In today’s tense political climate, if a topic is brought up in conversation and you don’t know what you’re talking about, it’s an extremely vulnerable moment.
The power of confirmation bias should not be understated; people of all ages turn to the comfort of Fox News, CNN, Instagram pages or Twitter accounts. Everyone thinks the news they’re reading is the right news: how is “brainwashing” from social media any worse than Fox News' “brainwashing?”
“I think the change that’s happened is that people don’t have any shame.
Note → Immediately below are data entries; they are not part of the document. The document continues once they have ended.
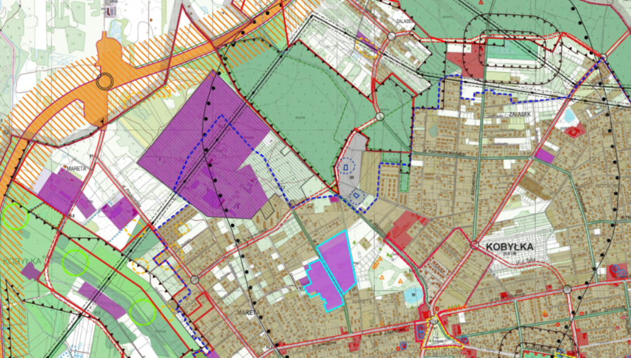 Projekt zmiany studium dotyczy wyłącznie czterech obszarów położonych przy ul. Nadmeńskiej, Kombatantów i Nadarzyńskiej.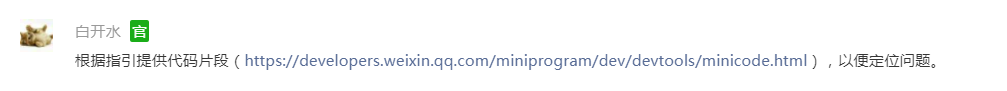 根据指引提供代码片段(https://developers.weixin.qq.com/miniprogram/dev/devtools/minicode.html),以便定位问题。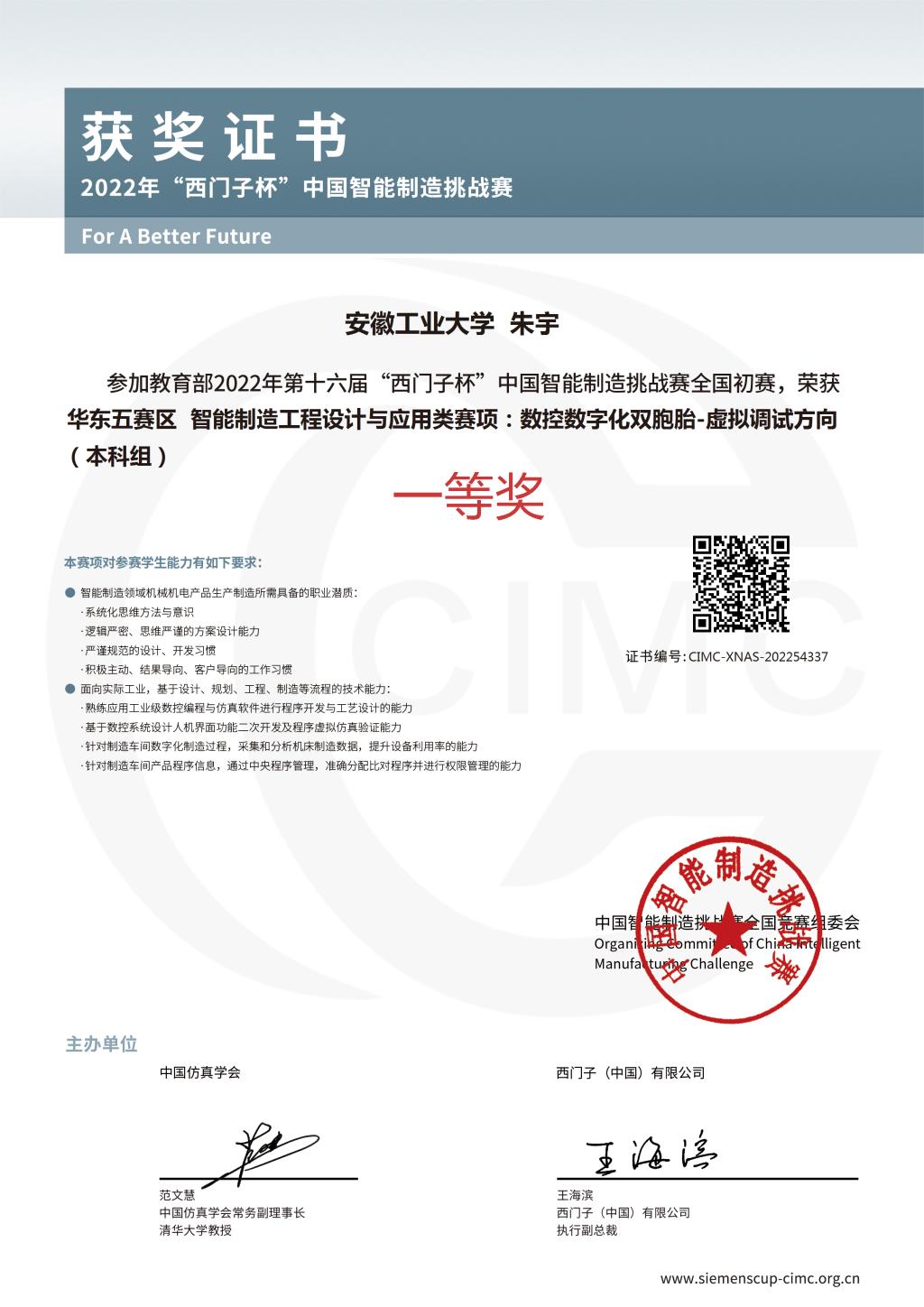 8月29日,教育部2022年第十六届CIMC“西门子杯”中国智能制造挑战赛(数控数字化双胞胎-虚拟调试方向)全国总决赛圆满落幕,由教师汪婧和朱争明指导的“加油向上队”(队员秦雨晴、张贺栋、朱宇)经过华东赛区选拔赛和全国总决赛,最终获得全国一等奖,这也是太阳集团tyc539在2022年里荣获的第4个国家级A类赛事一等奖。

I think that there’s stuff that’s being said now that’s just ridiculous," said Frank Baumgartner, a UNC political science professor. "People seem to be gullible ... if it happens to be something that works to support their candidate."
The information ecosystems we exist in are overwhelming and almost laughable.
When discussing the rise of social media and its role in biased news, Goldsmith said: “in many respects, it goes back to the end of the Fairness Doctrine, a document that basically said if you were using something that was broadcast over American-licensed airways, whether on TV or radio, you had to kind of counterbalance something with some view of the other side.”
News outlets are no longer required to simply report on facts; everything’s riddled with opinion and debate.
So how are we supposed to consume news?
“If you can really concentrate on the things that really matter, it’s a lot easier, and just don’t pay attention to the stuff that … whatever criteria you want to use … you can just recognize it as low priority," Baumgartner said.
We have to draw the line somewhere to protect our sanity; we, especially as college students, simply don’t have the capacity to flood our brains with confusing, negative news.
Social media has definitely lowered the standard for current events reporting, but networks like Fox News or CNN aren’t much better, nor are newspapers. It’s a privilege to be able to spend hours researching after something significant happens, so sometimes the best we can do is be skeptical of news and set boundaries on how much we’re consuming.
And don’t let older people tell you that you don’t know what you’re talking about — they probably don’t either.